* [Data provided]
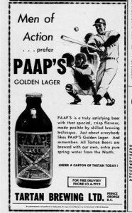 By 1964 Tartan was being characterized as “one of the more important primary industries in the Central Interior.” Paaps – “a brew of strength and character for those who like a little more body in their drink” – was introduced.
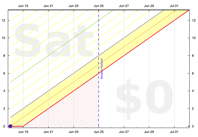 Do you see the problem with how we did it? We defined the yellow brick road — the path from where you are today to your goal — in terms of the centerline but then allowed a fudge factor known as “the wrong lane”. In the so-called wrong lane, you’d be off from the goal you set for yourself but within a window that Beeminder still considered “on the road”. Besides violating a fundamental tenet of Beeminder it yielded a cascade of bugs and confusion and flat-out wrongness. Like how if you dialed in a goal to do X things by time T, Beeminder enforced something slightly but infuriatingly different.
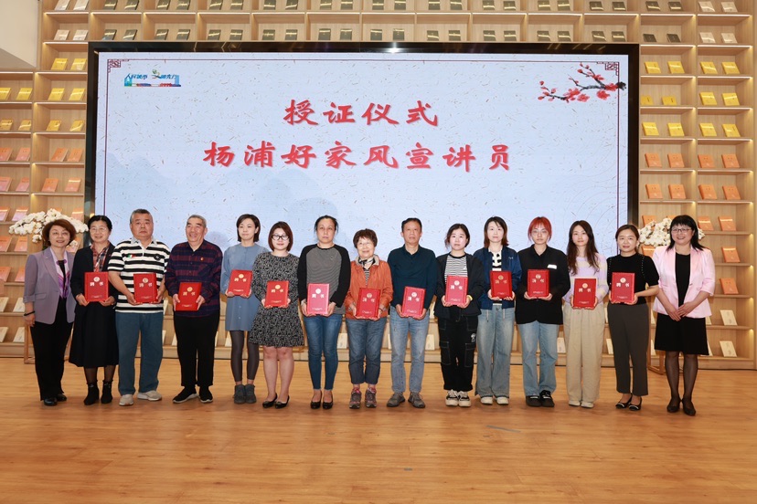 2024年度“杨浦好家风”宣讲员获颁证书。这些宣讲员将肩负起传承和弘扬良好家风的使命,走进社区、单位、学校,用他们的亲身经历和感悟,讲述更多文明家庭的先进故事,将良好的家风“送”达居民“家门口”、白领“楼门口”、学生“校门口”。

* [Task to carry out] An exact retyping of the material, minus the pictures, is the required answer.

* [Task result]
 By 1964 Tartan was being characterized as “one of the more important primary industries in the Central Interior.” Paaps – “a brew of strength and character for those who like a little more body in their drink” – was introduced.
 Do you see the problem with how we did it? We defined the yellow brick road — the path from where you are today to your goal — in terms of the centerline but then allowed a fudge factor known as “the wrong lane”. In the so-called wrong lane, you’d be off from the goal you set for yourself but within a window that Beeminder still considered “on the road”. Besides violating a fundamental tenet of Beeminder it yielded a cascade of bugs and confusion and flat-out wrongness. Like how if you dialed in a goal to do X things by time T, Beeminder enforced something slightly but infuriatingly different.
 2024年度“杨浦好家风”宣讲员获颁证书。这些宣讲员将肩负起传承和弘扬良好家风的使命,走进社区、单位、学校,用他们的亲身经历和感悟,讲述更多文明家庭的先进故事,将良好的家风“送”达居民“家门口”、白领“楼门口”、学生“校门口”。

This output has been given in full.